California Drug And Drug Testing Laws

California permits marijuana use, but its possession, use, and distribution for medical as well as recreational use are subject to specific regulations. The state has been at the forefront of legalizing marijuana. It legalized the medical use of marijuana in 1996 earlier than most other states. The legalization of recreational marijuana, however, started in 2016 when voters okayed the amendment on legalizing recreational use of marijuana.

Medical Marijuana Laws of California

The California Medical Marijuana Program was soon established when the medical cannabis proposition (Compassionate Use Act of 1996) was approved by the majority of voters on the 5th of November 1996. The section on the California Health and Safety Code was then modified to allow qualifying patients to legally obtain, grow, and use marijuana for medical purposes as per the recommendation of a licensed doctor. This Act likewise mandated a statewide lifting of prohibitions and penalties on the medical use of marijuana.

Subsequent amendments and Supreme Court rulings, however, clarified some of the vague wording on the Proposition 215. The Senate Bill 420, for example, of 2003 clarified the difference between patients and non-patients, and Governor, Gray Davis signed this clarification bill into law. This law likewise established an identification card system for qualifying patients and provisioned the formation of non-profit organizations or collectives that would provide the medical marijuana needs of patients.
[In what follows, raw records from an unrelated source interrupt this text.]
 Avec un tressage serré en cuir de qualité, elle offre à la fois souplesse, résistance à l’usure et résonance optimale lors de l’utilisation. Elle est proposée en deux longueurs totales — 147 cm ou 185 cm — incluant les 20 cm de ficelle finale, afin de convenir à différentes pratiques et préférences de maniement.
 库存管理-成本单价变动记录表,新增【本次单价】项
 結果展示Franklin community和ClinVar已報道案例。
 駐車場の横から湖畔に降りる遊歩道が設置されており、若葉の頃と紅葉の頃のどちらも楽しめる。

A crackdown on marijuana dispensaries, however, occurred on October 7 of 2011 that eventually subsided anyway.

Drug Possession Laws of California

The state of California still categorizes marijuana as a Schedule I hallucinogenic substance based on the California Uniform Controlled Substances Act. However, On November 8, 2016, the Proposition 64 which is also called the “Adult Use Marijuana Act” was okayed by voters and this law allowed persons aged 21 years of age or above who don’t belong to Medical Cannabis Program to legally grow up to six plants of marijuana and “to possess up to one ounce of flower and/or up to eight grams of concentrates.”
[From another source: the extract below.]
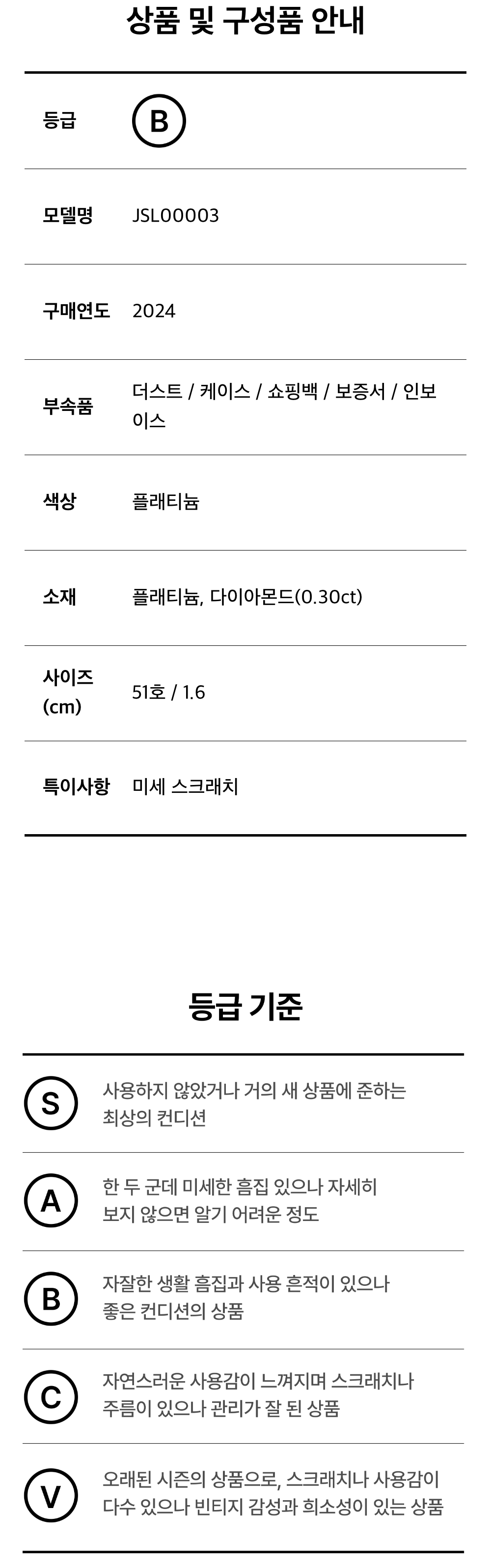 부쉐론 JSL00003 플래티늄 다이아몬드 링 51 사이즈

This law likewise directs the licensing of commercial cannabis production and of the retail sales of marijuana. Licenses for the cultivation and business establishment will be issued in 2018. The state however still regulates the possession, use, selling, and cultivation of marijuana, and here the concomitant penalties and punishment for the violations of these regulations:

  • If you are caught possessing more than 28.5 grams, you will be charged with a misdemeanor, punishment of up to 6 months incarceration, and fine of up to $500.
  • If you are caught with 28.5 grams or less and you are 18 years of age or above, and you are caught within the school grounds, you will be charged with a misdemeanor, with up to 10 days of imprisonment and a fine of up to $500.
  • If you are younger than 18 years of age, you will be charged with a misdemeanor and would be penalized with a fine of up to $250 (first offense) and $500 maximum fine or commitment to a detention center for up to 10 days.
  • If you are caught with intent to distribute more than one ounce of marijuana, you will be charged with a misdemeanor, with 6 months of imprisonment, and a maximum fine of $500.
  • If you sell and deliver without a license any amount of marijuana, you will be charged with a misdemeanor with up to six months in jail, and a maximum fine of $500.
  • If you are 18 years of age and above, and you attempted to deliver any amount of marijuana to a 14-17 years old individual, you will be charged with a felony, with 3-5 years of imprisonment.

Can Employers Require their Employers to Undergo Drug Tests?

The state of California has regulations on drug testing in the workplace. For pre-employment and after employment testing, employers can require drug tests after a conditional offer of the job has been made to an applicant. Employers, however, are not required to conduct routine or random drug testing, but they can do so under certain statutory requirements:

  • If there is a reasonable suspicion that his/her use of drugs impairs an employee.
  • If there was an accident that caused injury, damages, and death in the workplace.

San Francisco has enacted a city ordinance pertinent to drug testing employees. Hence, it would be wise to consult legal counsel when conducting drug testing at the workplace in San Francisco area. Employers engaged in the operation of commercial transportation can also require their employees to undergo drug tests.